Rich Alexis

No. 40, 33, 24, 32
- Position:: Running back

Personal information
- Born:: May 6, 1981 (age 43) Boynton Beach, Florida, U.S.
- Height:: 6 ft 0 in (1.83 m)
- Weight:: 225 lb (102 kg)

Career information
- High school:: Boca Raton (FL) Pope John Paul II
- College:: Washington
- Undrafted:: 2004

Career history
- Jacksonville Jaguars (2004–2006); St. Louis Rams (2006–2007); New York Sentinels (2009)*;
- * Offseason and/or practice squad member only

Career NFL statistics
- Rushing attempts:: 3
- Rushing yards:: 5
- Return yards:: 31
- Stats at Pro Football Reference

= Rich Alexis =

American football player (born 1981)

Richard Alexis (born May 6, 1981) is an American former professional football player who was a running back in the National Football League (NFL).

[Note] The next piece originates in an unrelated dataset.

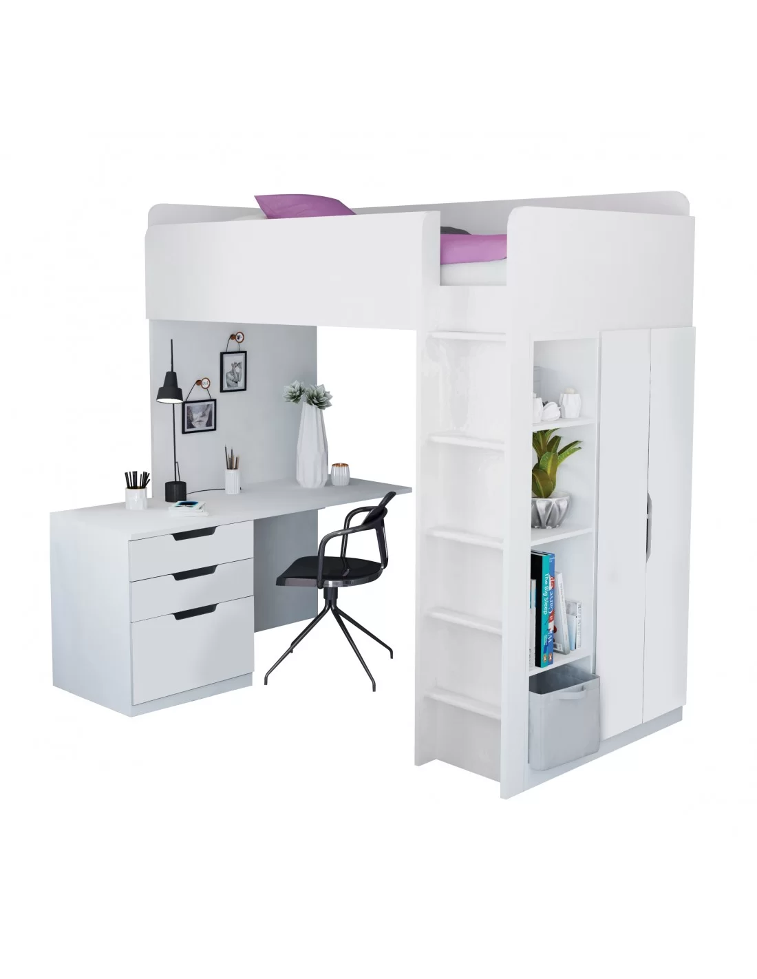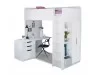 The High Sleeper Loft bed offers a full bedroom solution in a single unit. Taking-up no more floor space than a standard size bed. Theres a generous size wardrobe with hanging rail, a desk and drawer unit that can be neatly tucked under the space beneath the sleeping area or turned perpendicular to give a little extra space for a chair. Once your child is aloft, the bed has high side rails for added safety. The bed is made from quality, wood grained particle board, finished in a durable wipe clean surface.

He played college football for the Washington Huskies and was signed by the Jacksonville Jaguars as an undrafted free agent in 2004.

Alexis was also a member of the St. Louis Rams and New York Sentinels.

Alexis has been the RB coach at West Boca Raton High School since 2022. He is coaching his two nephews, Mason and Javian Mallory, who are on the team.

Alexis’ son Jaden Alexis is a WR for South Florida.